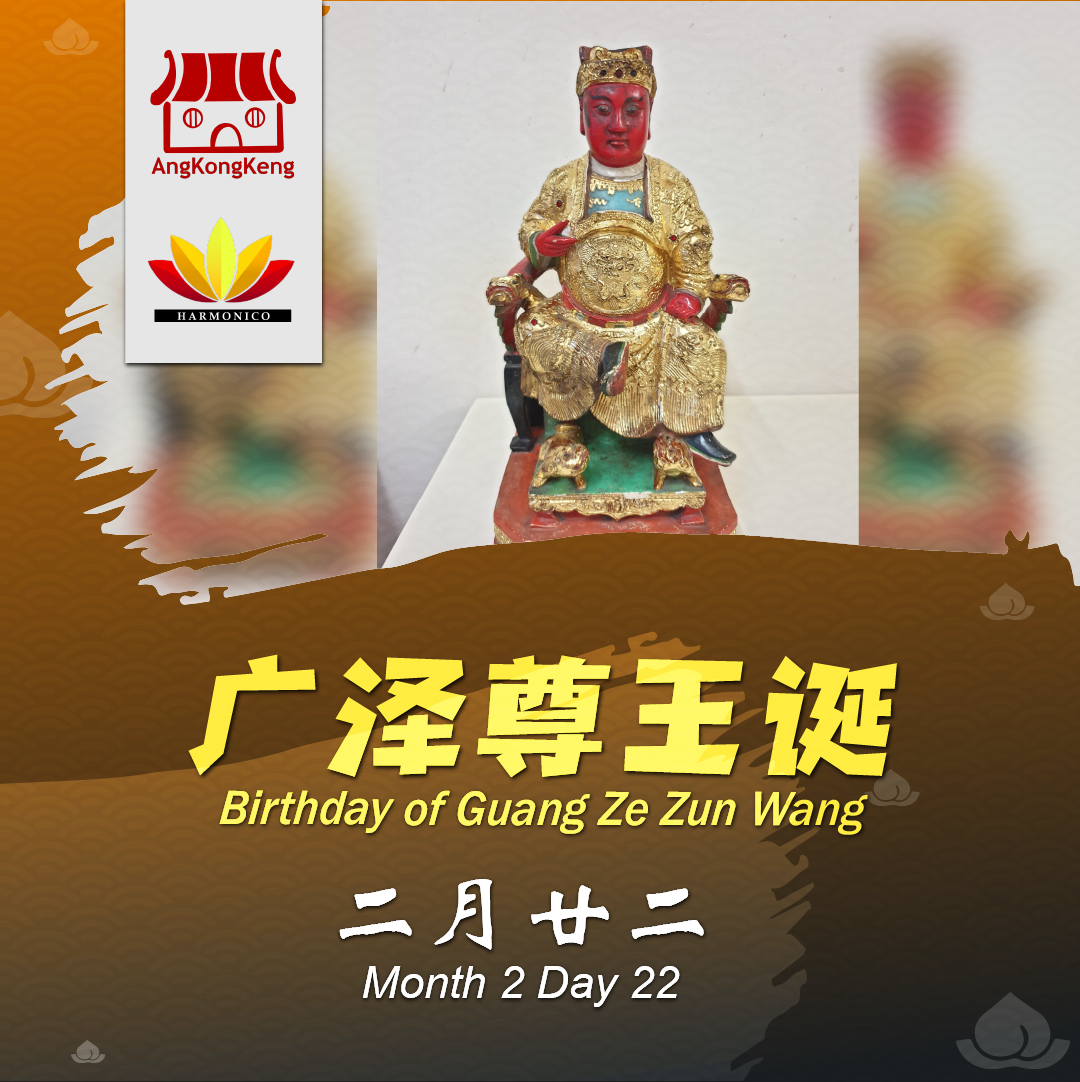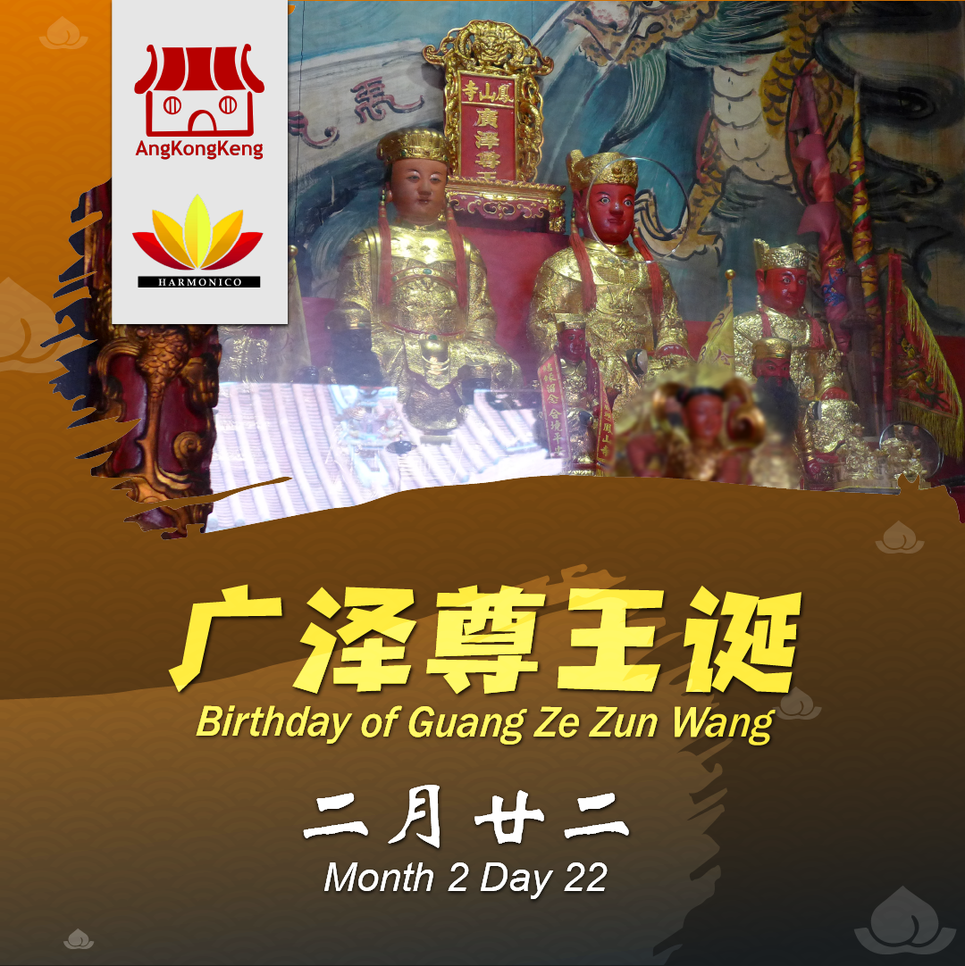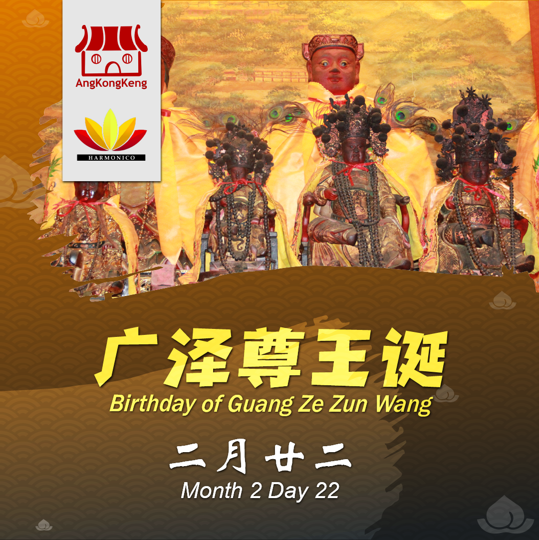 There are two feast days of Guang Ze Zun Wang every year: the 22nd of the 2nd lunar month and the 22nd of the 8th lunar month.
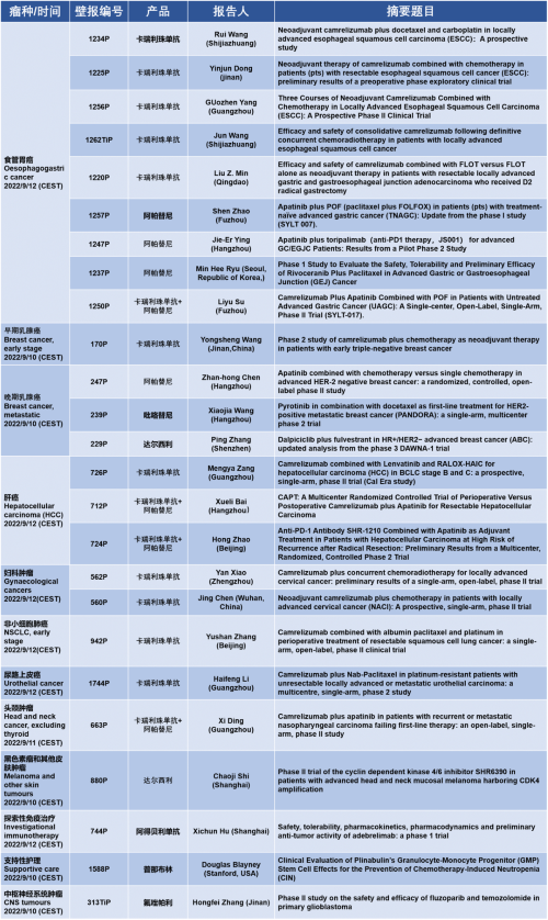 作为从事创新和高品质药物研发的国际化制药企业,尊龙时凯医药的研究成果在2022 ESMO大会上还收获了25项壁报形式的报告。其中,食管胃癌领域共有9项研究入选,研究的方案主要是卡瑞利珠单抗或卡瑞利珠单抗联合阿帕替尼,通过与化疗或放化疗联用,新辅助治疗食管鳞癌或胃癌。2022年9月12日(CEST),让我们齐聚ESMO大会,共同领略食管胃癌研究领域的学术盛宴。此外,尊龙时凯医药达尔西利、吡咯替尼、阿得贝利单抗等创新药还有4项乳腺癌研究、3项肝癌研究及其他领域的9项研究都将会以壁报展出,让我们共同期待!
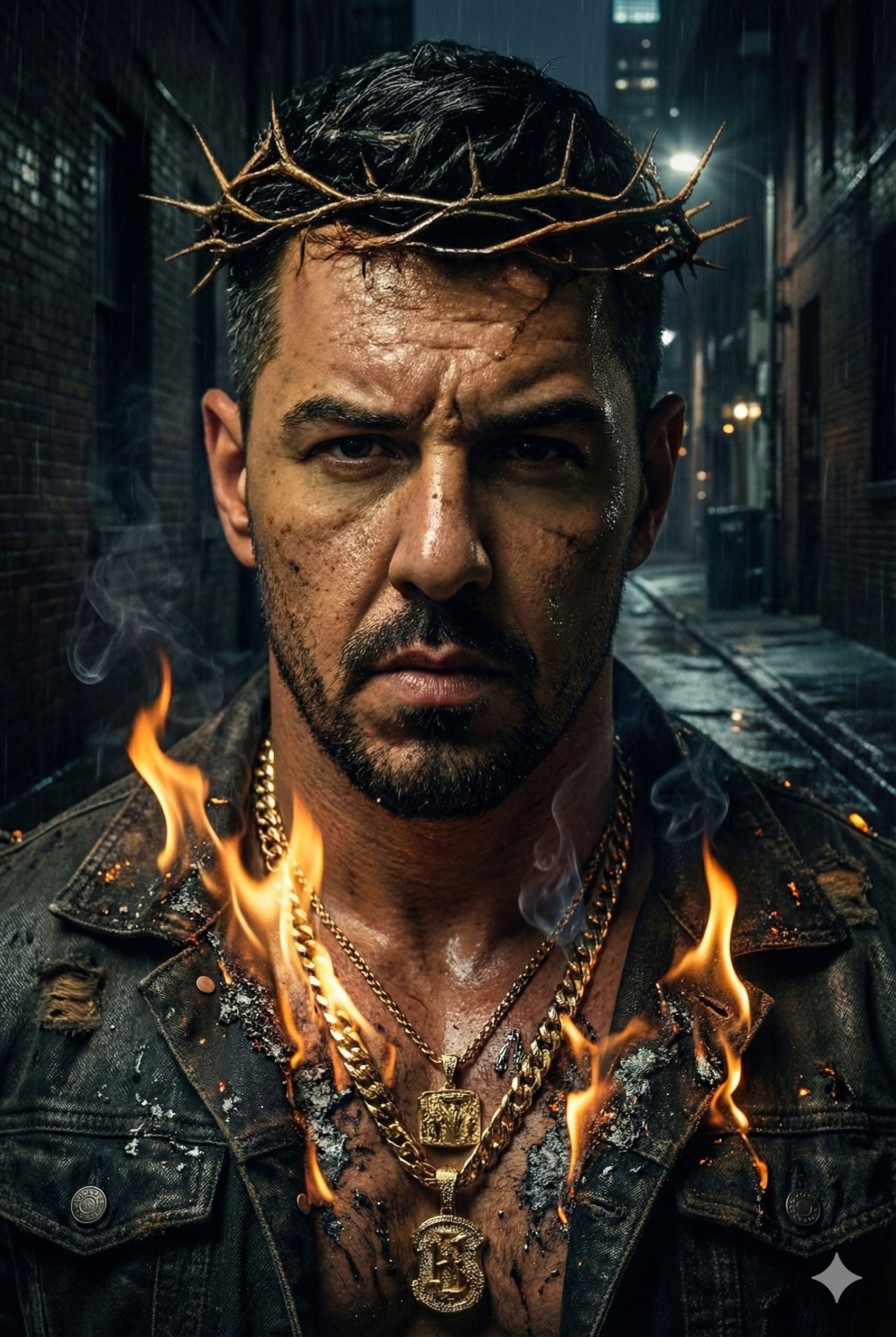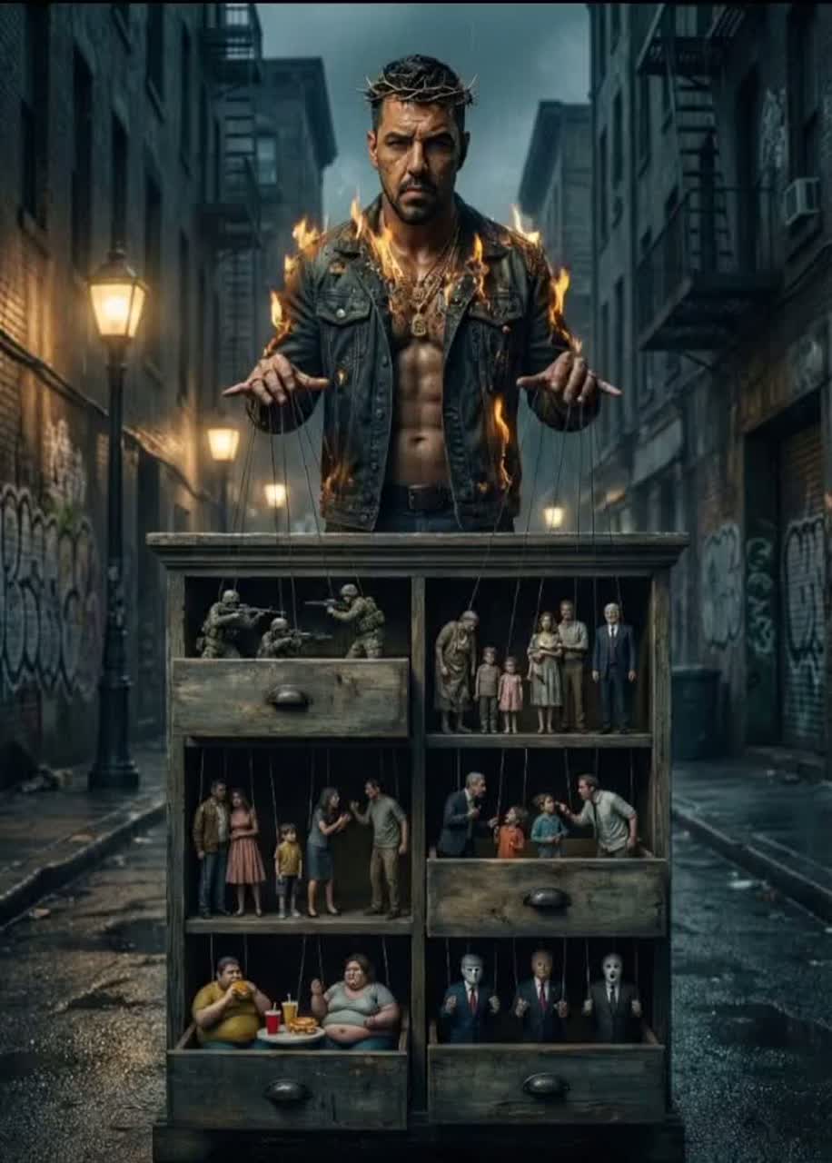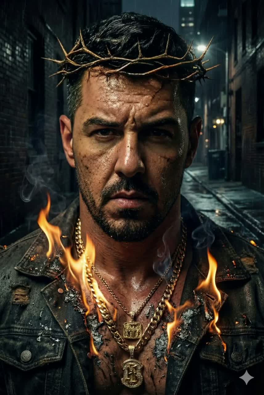 Create a dark street-soul hymn layered over a warm, classic Stevie-Wonder-style groove, Deep male voice, clear, gritty, powerful, No mumbling, Add oracle-style spoken lines, breath-ins, breath-outs, emotional growl, Smooth soul chords meet heavy subbass waves, cinematic brass swells, fire-like impacts, tight rimshots, subtle vinyl crackle, Fuse old-school soul warmth with modern street energy: wide choirs, shadowy pads, echoing ad-libs, fast double-time phrases cutting through the soft groove, Keep tension rising: soft on the surface, war underneath, Add dramatic breaks, heartbeat bass pulses, reverse swells before every drop, Contrast should feel like light vs, storm—Stevie-soul brightness against your dark epic fire

----

§ ACTIVITY
Every line above should be duplicated exactly; the pictures are to be left out.

§ OUTPUT
 There are two feast days of Guang Ze Zun Wang every year: the 22nd of the 2nd lunar month and the 22nd of the 8th lunar month.
 作为从事创新和高品质药物研发的国际化制药企业,尊龙时凯医药的研究成果在2022 ESMO大会上还收获了25项壁报形式的报告。其中,食管胃癌领域共有9项研究入选,研究的方案主要是卡瑞利珠单抗或卡瑞利珠单抗联合阿帕替尼,通过与化疗或放化疗联用,新辅助治疗食管鳞癌或胃癌。2022年9月12日(CEST),让我们齐聚ESMO大会,共同领略食管胃癌研究领域的学术盛宴。此外,尊龙时凯医药达尔西利、吡咯替尼、阿得贝利单抗等创新药还有4项乳腺癌研究、3项肝癌研究及其他领域的9项研究都将会以壁报展出,让我们共同期待!
 Create a dark street-soul hymn layered over a warm, classic Stevie-Wonder-style groove, Deep male voice, clear, gritty, powerful, No mumbling, Add oracle-style spoken lines, breath-ins, breath-outs, emotional growl, Smooth soul chords meet heavy subbass waves, cinematic brass swells, fire-like impacts, tight rimshots, subtle vinyl crackle, Fuse old-school soul warmth with modern street energy: wide choirs, shadowy pads, echoing ad-libs, fast double-time phrases cutting through the soft groove, Keep tension rising: soft on the surface, war underneath, Add dramatic breaks, heartbeat bass pulses, reverse swells before every drop, Contrast should feel like light vs, storm—Stevie-soul brightness against your dark epic fire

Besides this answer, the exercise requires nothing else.